Monroe Doktrini, ABD Başkanı James Monroe‘nin, 2 Aralık 1823’te kongreye sunduğu doktrin.
Doktrinin öngördüğü hususlar şöyleydi:
- Anti-koloniyalizm görüşü: Elde ettikleri ve sürdürdükleri özgür ve bağımsız durumları ile Amerika Kıtaları, bundan böyle Avrupa devletlerinden herhangi birinin kolonileştirme isteklerine konu olamaz. (O sıralarda Alaska’ya sahip bulunan Rusya’nın egemenliğini daha aşağılara doğru genişletmek niyetine-Kaliforniya’ya kadar-karşı çıkılıyordu.)
- Kutsal İttifak Devletleri’nin siyâsâl sistemi, Amerika’nınkinden tamamen farklıdır. Kendi sistemlerini bu yarım kürenin herhangi bir yerinde yaymak için yapacakları herhangi bir girişimi barış ve güvenliğimiz için tehlikeli görürüz.
- Karışmazlık-non intervention-isteği: Avrupa ülkelerinin herhangi birinin mevcut kolonilerine ya da ona tabi olan bölgelere hiç müdahale etmedik ve etmeyeceğiz. (Çünkü o sıralarda Güney Amerika’daki İspanyol kolonilerinde bağımsızlık isyanları olmaktaydı ve Avrupa büyük devletlerinden oluşan Mukaddes İttifak (Sainte Alliance)’nin buralara müdahale ile koloniyalist çıkarlara hizmet için karışması istenmiyordu)
- Kabuğuna çekilme (isolation) ilkesi: Avrupa devletlerinin kendilerini ilgilendiren sorunlar yüzünden yaptıkları savaşlarda hiçbir zaman taraf tutmadık ve böyle bir davranış siyasetimize de uymaz. (söz konusu mesajda, Amerika’nın Avrupa işleriyle ilgilenmeyeceği ve karışmayacağı ilkesi açıklanıyordu.)
Etkileri
Monroe Doktrini Amerikan siyasetinin adeta değişmeyen Anayasası olmuş ve bu nedenledir ki I. Dünya Savaşı‘na dahi Almanya tarafından güvenliğinin yakın bir şekilde tehlikede olduğunu gördüğü için girmiştir.
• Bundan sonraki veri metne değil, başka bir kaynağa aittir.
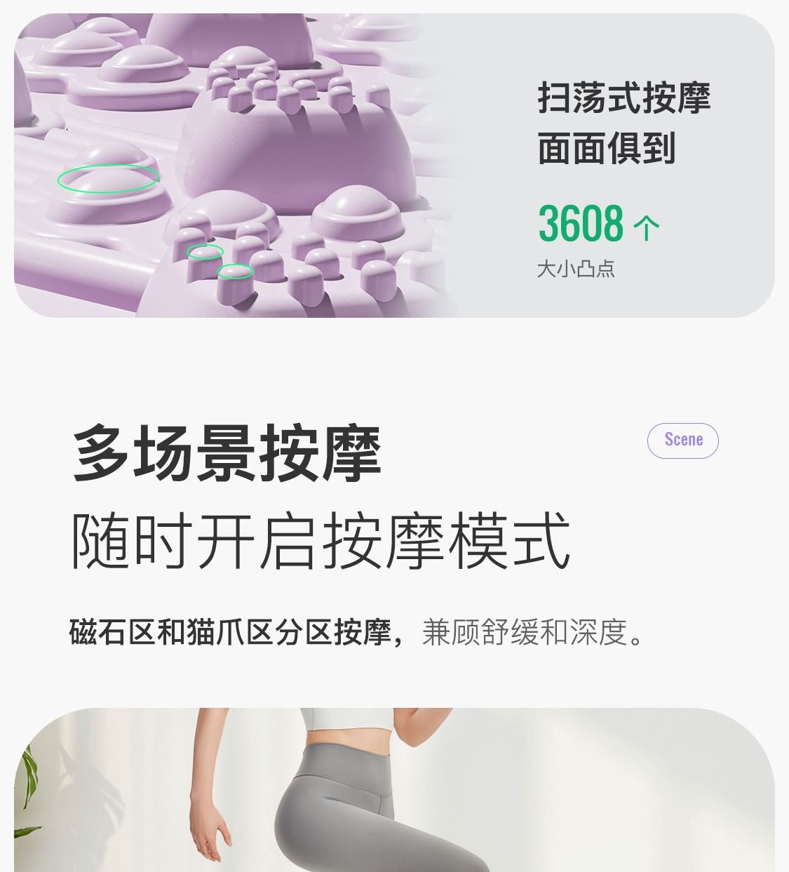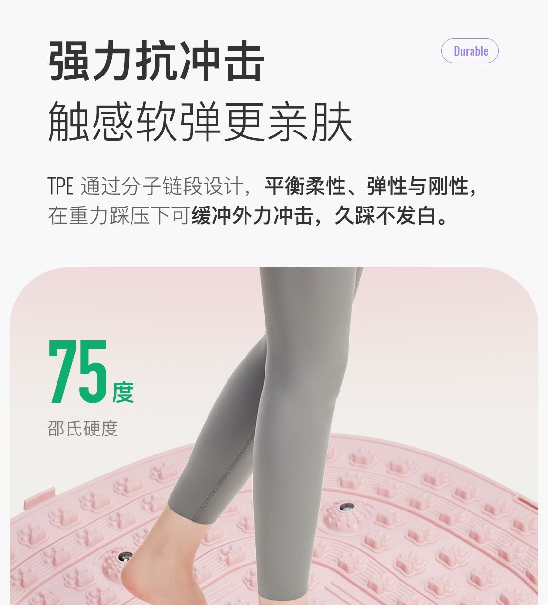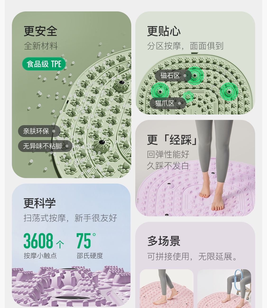 尺寸:41.5*41.5cm TPE环保无毒材质 方形圆角加大加密设计 仿「猫爪」设计 双分区多功能按摩 75°科学刺激硬度 支持无限串联拓展 加密按摩凸点 可做浴室防滑垫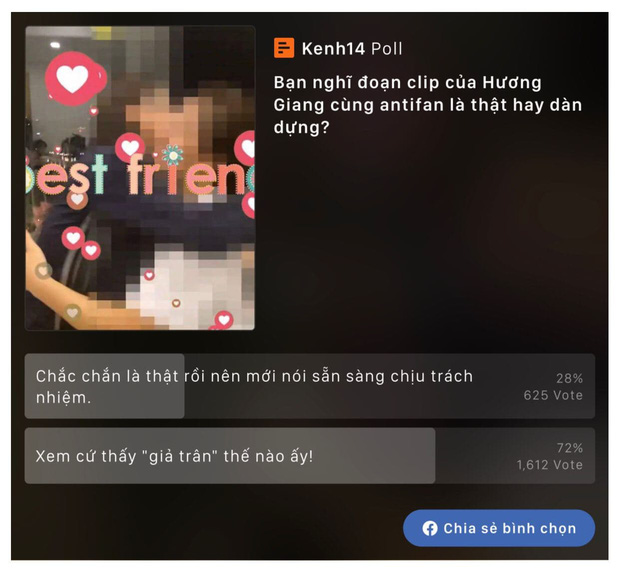 Qua một cuộc khảo sát gần đây, số lượng người "ngờ ngợ" về độ chân thật khi xem clip Hương Giang cùng antifan lên tới 72%, hoàn toàn áp đảo bình chọn còn lại.

Ancak, Amerika, bu savaşa bir ortak olarak değil, taraf olarak katılmış ve savaştan çekilme hakkını daima muhafaza etmiştir.
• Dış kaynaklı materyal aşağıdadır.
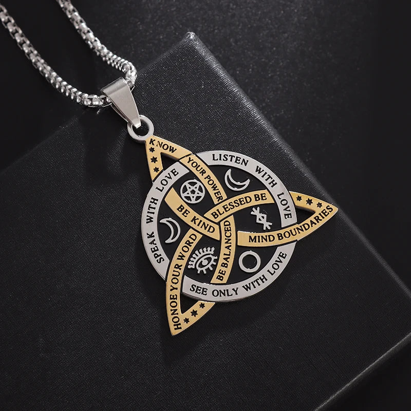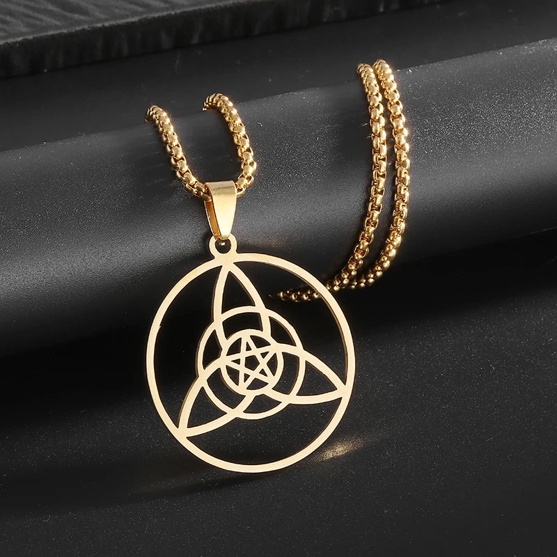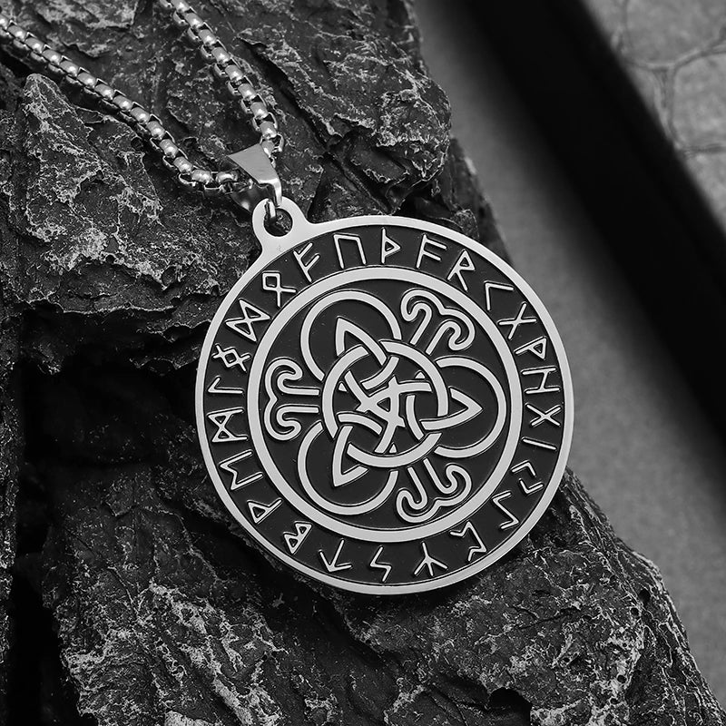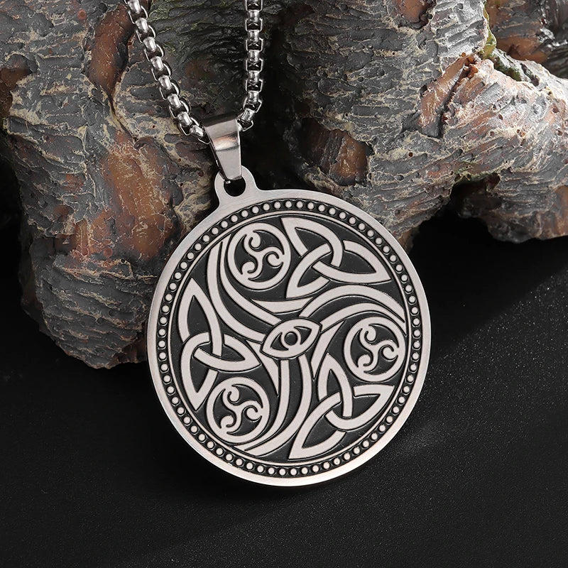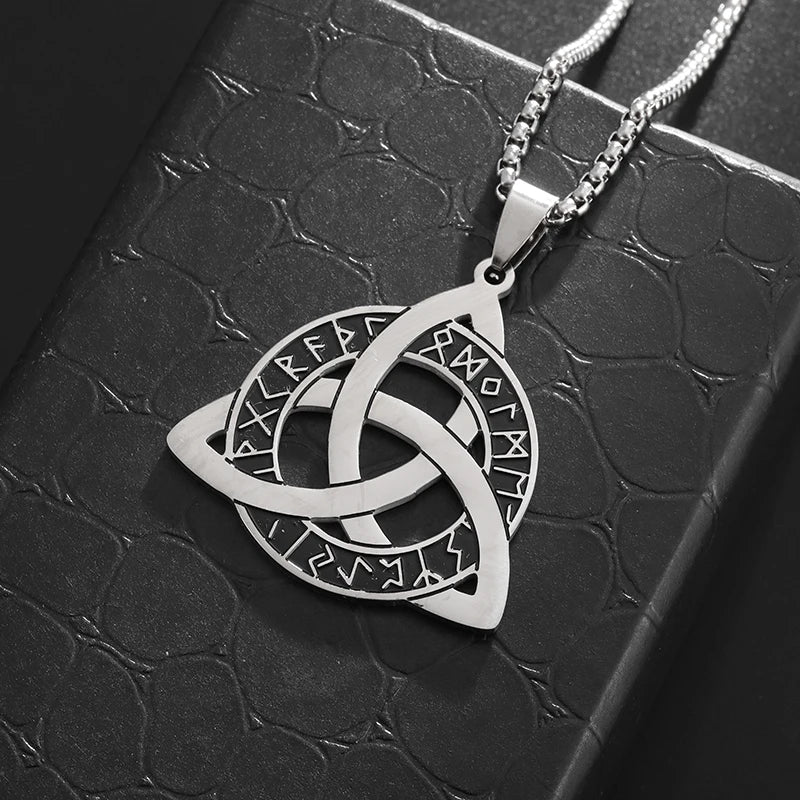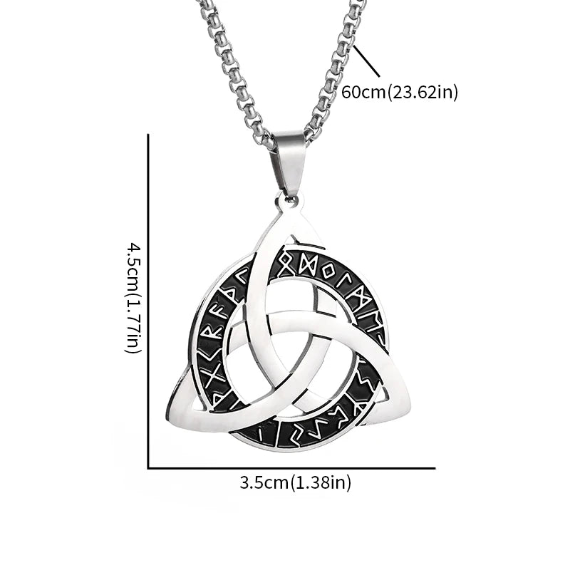 Stainless Steel Trinity Celtic Knot Nordic Rune Pendant Necklace Retro Ethnic Style Irish Knot Lucky Amulet Jewelry for Men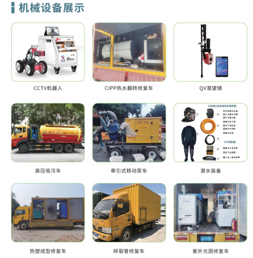 公司投入巨资引进国际先进设备,涵盖紫外光固化修复车、热塑成型修复车、碎裂管修复车、高压吸污车等全系列专业装备,搭配自主研发的核心专利技术,构建起 “智能检测 - 精准修复 - 全程监控” 的现代化施工体系,施工效率与修复质量行业领先。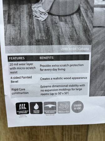 20 mil wear layer lvp flooring . $1.59 per square foot . Regular retail cost is $5.99 per square foot. Have 12,000 square feet. We have lowest cost on flooring in town . We are selling out fast at low cost to make room for new inventory coming in 2-3 weeks all has to go fast to make room . Address:3728 East Wellesley Ave . Hours 3 pm -6 Monday - Friday. Saturday 12-5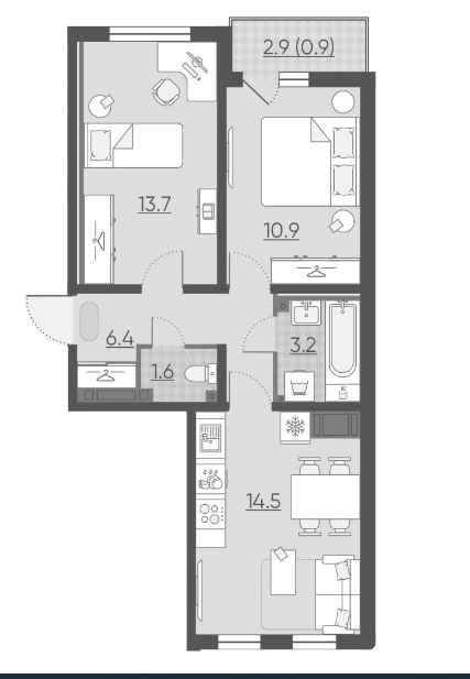 Жилая площадь 50 м2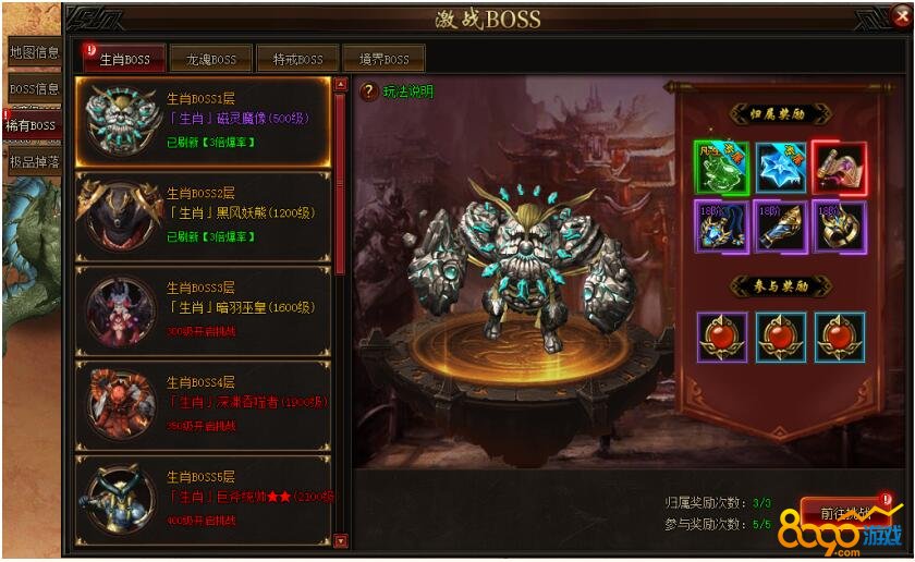 生肖BOSS可产出大量生肖装备,是提升生肖的主要途径。

Keza, Monroe Doktrini dünya politikasında Birleşik Devletler’in siyasetini açıklığa kavuştururken bu ilkelerden sapma temayülü gösteren liderlerine müsamaha göstermemiştir.
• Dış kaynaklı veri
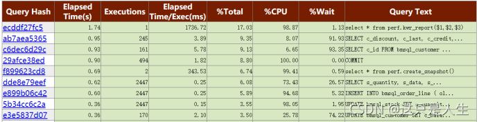 以 Top SQL By Elapsed Time 为例,该报告按 SQL 完整执行完成时间排序,显示了总花费时间、执行次数、平均每次的执行时间、执行时间占比和 SQL 文本等信息。点击 Query Hash 链接还可以查看完整的 SQL 语句。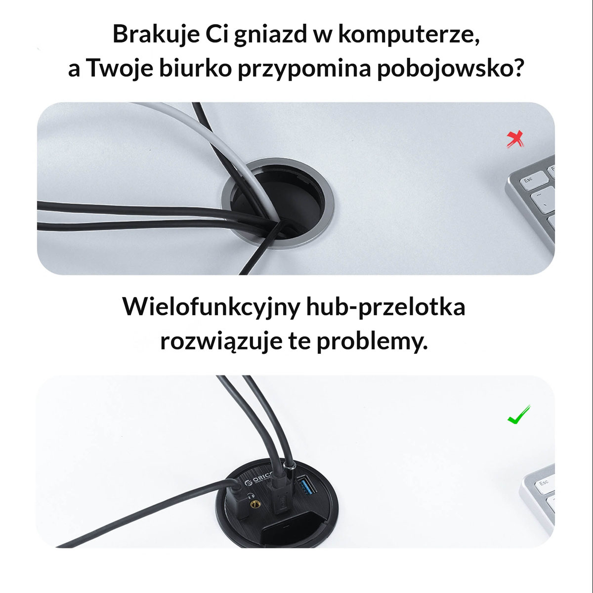 Stwórz ergonomiczne stanowisko pracy lub gry razem z 4-portowym hubem od Orico! Urządzenie zostało zaprojektowane specjalnie do przelotek na kable w biurkach, więc nie zajmuje miejsca na blacie. Okrągły kształt idealnie wpasowuje się w otwory o średnicy 6 cm. Hub do biurka, podobnie jak standardowy przepust kablowy, umożliwia przeciągnięcie kabli od monitora czy innych peryferii.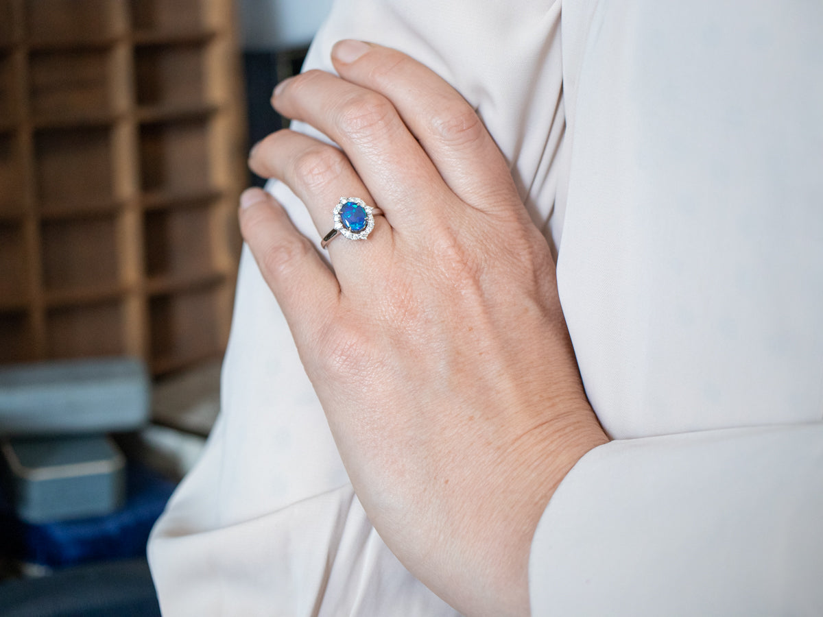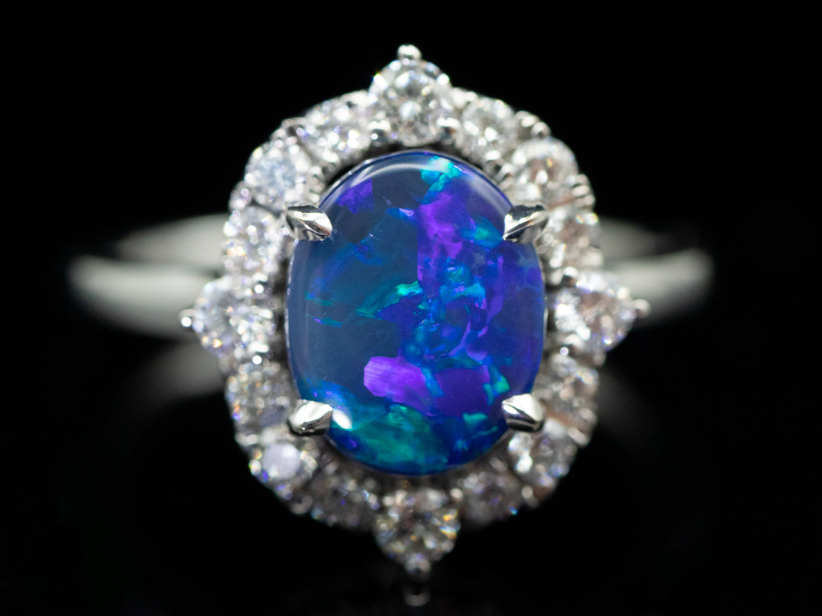 18k White Gold halo ring with plain band and prong set, black opal oval center stone accented by 16 pavé set, diamond rounds along the halo.

Nitekim, Başkan Thomas Woodrow Wilson, Birinci Dünya Savaşı’nı sona erdiren antlaşmaları ve özellikle de Versay Antlaşması‘nı ve ona bağlı Milletler Cemiyeti Paktı’nı Amerikan halkına kabul ettirebilmek için yoğun bir çaba göstermiştir. Bu amaçla; 22 günde 8. 000 mil yol katederek ve 37 söylev vererek Amerikan kamuoyunu ikna etmek istemiş, ancak buna muvaffak olamamıştır. Hatta bu geziler sırasında felç olmuştur. Tüm bu gayretlere rağmen Amerikan Senatosu, Versay Antlaşmasını ve Milletler Cemiyeti Paktı’nı onaylamamıştır. Bu iki belge için Senato’da Kasım 1919, Ocak 1920 ve Mart 1920’de üç defa oylama yapılmış, ancak hiçbirinde tasdik için yeterli oy çoğunluğu sağlanamamıştır. Bu sonuç hasta durumda olan Wilson’ı çok üzmüştür:
“Şimdi onlar ne kaybettiklerini acı bir tecrübe ile öğreneceklerdir. Dünyanın liderliğini kazanmak için elimize bir fırsat geçmişti. Fakat bu fırsatı kaybettik ve yakında bu kaybın nasıl bir trajedi olduğunu göreceğiz.”
Etkisini Kaybetmesi
Amerikan halkı, 1920 cumhurbaşkanlığı seçimlerinde I. Dünya Savaşı’na damgasını vuran ve açıkladığı 14 prensip ile tüm dünyanın dikkatini üzerinde toplayan Wilson’ın yerine Monreo Doktrini’ni savunan Cumhuriyetçilerin adayı Warren G. Harding‘i Başkanlığa seçerek Wilson politikası yerine muhafazakâr politikayı tercih etmiştir.
Monreo Doktrini’nde olduğu gibi, Versay‘dan sonra da ABD, Milletler Cemiyeti ve Avrupa ile ilgisini tamamen kesmemekle birlikte, Latin Amerika ve Uzak Doğu ile daha fazla ilgilendi. Bu dönemde Avrupa’nın Uzak Doğu ile ilgisi azalırken Japonya yeni bir güç olarak bölgede etkin rol almaya başladı. Dolayısı ile Japonya Amerika için bir rakip ülke ve endişe konusu oldu. 1922 Washington Konferansı ile Japon deniz gücünün sınırlanmasında, bu durum önemli bir faktör oluşturdu. Bununla birlikte, Uzak Doğu’da Japonya ile Birleşik Amerika arasında sürtüşme ve çatışmalar 1931 yılından itibaren yeni bir boyut kazandı.